The recent TCC case of Simon Carves Ltd v Ensus UK Ltd underlines the importance of knowing how and when any performance security expires.
A party can be prevented from seeking payment under a bond by the terms of the very contract in respect of which the bond was provided
The parties entered into an IChemE Red Book contract, and the contractor provided an on-demand performance bond in favour of the employer. The bond was stated to become “null and void (save in respect of any pending or previously notified claims)” when the Acceptance Certificate was issued.
The Acceptance Certificate was duly issued. It included a long list of defects, some of which related to emissions from the plant. (The employer had already raised the emissions problem in earlier defects notices.) The contractor argued that these communications about defects were not “claims” under the contract, so the performance bond was null and void. It sought an injunction preventing the bond being called.
The employer could be excused for thinking that its defects notices and the list of defects included in the Acceptance Certificate constituted “pending or previously notified claims” for the purposes of the performance bond. However, Akenhead J considered that it was commercially sensible (particularly given the impact of claims upon the bond in question) that a party making a claim must make this clear to the other party. He therefore granted the injunction and, in these proceedings, held that it should continue.
He based this decision on the fact that the contract provided (in clause 19.5) that:
“[a]ny claim made by either party under the Contract… shall be supported by a written statement of grounds and a summary of material facts upon which it is based.”
This decision may seem a little surprising, given that the employer had previously given clear notice of the defects. However, the employer faced another problem. In correspondence it had referred to “submitting a claim in accordance with clause 19.5”, but had not in fact done so. On any interpretation (and in absence of any evidence to the contrary) a formal “claim” had not been previously notified.
The general rule and the fraud exception
As a general rule, the courts rarely intervene to restrain calls being made or honoured under bonds of this nature.
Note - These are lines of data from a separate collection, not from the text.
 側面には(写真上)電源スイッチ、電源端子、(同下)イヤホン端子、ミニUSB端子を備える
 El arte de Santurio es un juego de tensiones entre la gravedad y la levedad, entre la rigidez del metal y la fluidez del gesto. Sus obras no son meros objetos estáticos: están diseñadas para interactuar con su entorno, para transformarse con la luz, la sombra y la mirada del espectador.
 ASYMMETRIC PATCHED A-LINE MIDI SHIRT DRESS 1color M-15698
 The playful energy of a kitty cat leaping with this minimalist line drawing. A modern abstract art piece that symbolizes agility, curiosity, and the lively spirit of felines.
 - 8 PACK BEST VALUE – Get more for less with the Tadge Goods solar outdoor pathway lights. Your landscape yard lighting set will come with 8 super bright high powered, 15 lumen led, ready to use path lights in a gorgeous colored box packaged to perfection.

However, the courts will intervene if there is very clear evidence of fraud that justifies an injunction.
Absent fraud, a court will not restrain a beneficiary from claiming under an on-demand bond just because it is in dispute with its contractual counterparty as to whether that party is in breach of the underlying contract. To do otherwise would damage trust in international commerce. This is still true, as far as it goes.
What effect does this case have on the ability to call on a bond and the perceived value of bonds?
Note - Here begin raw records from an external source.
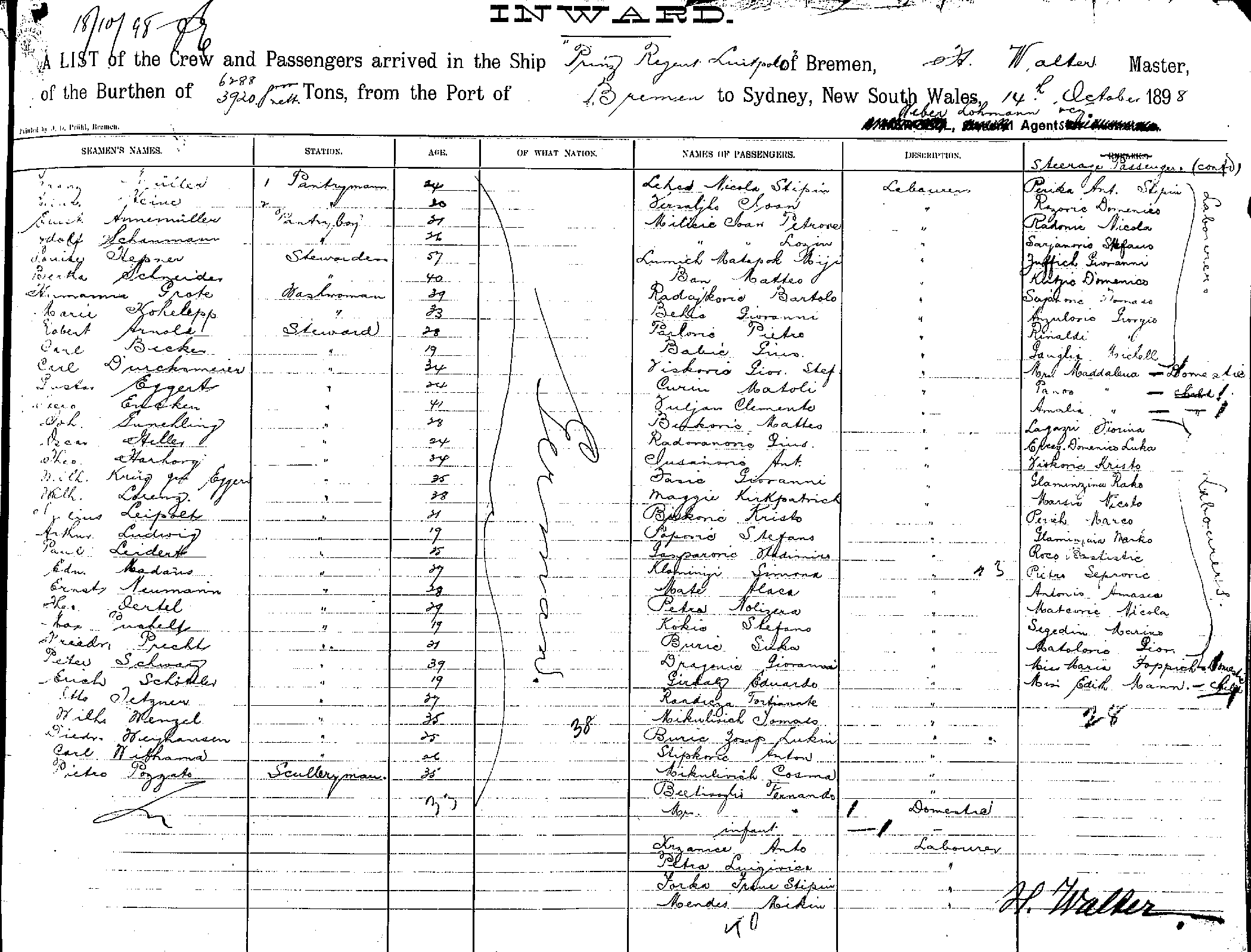 PRINZ REGENT LUITPOLDOF BREMEN, WALTER OR WALKER MASTER, BURTHEN 6288/3920 TONS FROM THE PORT OF BREMEN TO SYDNEY, NEW SOUTH WALES, 14TH OCTOBER 1898 |
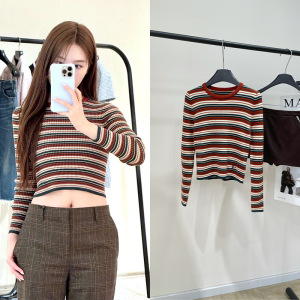 2025早秋复古棕色条纹刺绣标长袖圆领短款毛衣修身显瘦全面上衣女
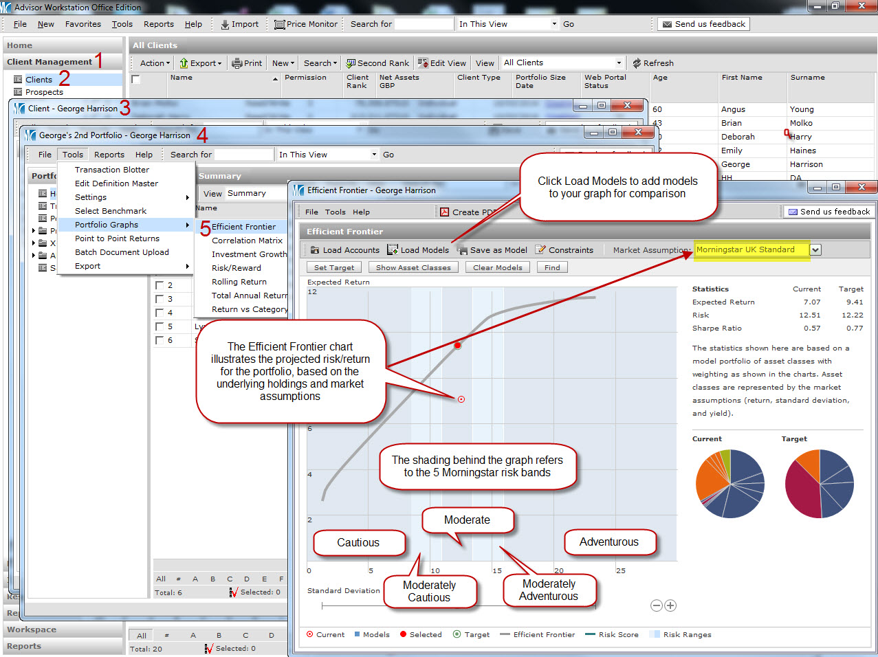 You can quickly assess the risk profile of a client’s portfolio by using the Efficient Frontier graph. Include model portfolios and back up your investment recommendation with a report highlighting the projected risk/return of each.
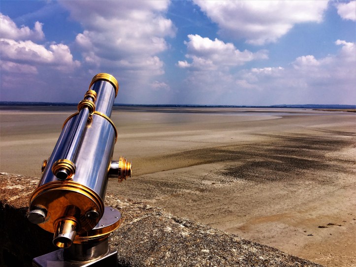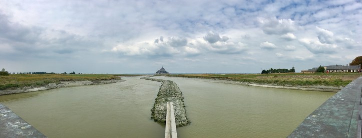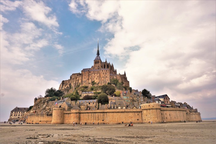 We can skim through a thesaurus to avoid a thousand cliched adjectives, but truly, the only word to describe such an experience, is “breathtaking.” Such is what these Dessert Correspondents felt when we visited UNESCO heritage site, Mont St Michel. Imagine having to deal with the stark fluorescent lights and harsh noises of Paris’ Gare du Lyon, an early morning train ride across the French countryside, tunnelling through mists in the pre-dawn, even before the farmhouses have awakened. Follow this with a bus trip to a windswept parking lot, queuing with throngs of tourists as the sunlight struggles to glint through thick clouds, and then a shuttle bus. And as this shuttle trundles along, an odd-looking pyramidal cone appears on the horizon. Closer, closer, and you see the shimmering outlines of a medieval Gothic-style Benedictine abbey, and wreaths of stone fortifications. And then, set against a sky that changes tones every few moments, from stormy grey to the clearest azure blue, you see that this intimidating edifice is completely surrounded by the sea. It’s a veritable, dream-like, Camelot moment.
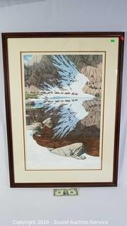 #29,545/36,548. Professionally framed and matted with glass. Approx. 36" x 26-1/2".
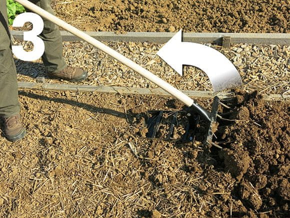 Z ruskimi vilami poteka delo hitro in enostavno. Začnite tako, da orodje prinesete na želeno mesto. Z nogo jih potisnete v tla in jih nato potegnete nazaj, z eno ali obema rokama. Povlecite Ruske vile nazaj po zemlji (ne dvigujte jih iz tal) in postopek ponavljate dokler ne končate z globokim rahljanjem.
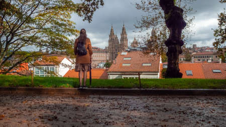 Pilgrim brunette woman, doing the Camino de Santiago, looking at a cathedral, with a blue backpack and a shell, with a black jacket. Lifestyle concept. Hike, way of st james

The particular issue that arose in this case is rare. Akenhead J recognised that calling a bond when the beneficiary knows (or can be taken to know) that the underlying contract forbids it from doing so is arguably a type of fraud. However, in his view it represented a second exception to the general rule.
Whether it is a type of fraud or a second exception, it seems right to me that a beneficiary of an on-demand bond should be restrained from making a claim under the bond in circumstances where the underlying contract expressly prevents it from doing so.
The underlying disputes between the parties in this case are still to be resolved, but it may prove to be an unfortunate example of how easy it is for an employer to unwittingly allow a bond, guarantee or letter of credit to expire just when its protection is most needed. However, it should not be regarded as affecting the ability to call on an on-demand bond in the normal course, nor affect the value of this type of performance security.
Beneficiaries: make sure that your performance security expires at the appropriate time for the project in question. Under the IChemE Red Book, it may have been more appropriate for the bond to expire when all the defects had been rectified, rather than when the performance tests had been completed.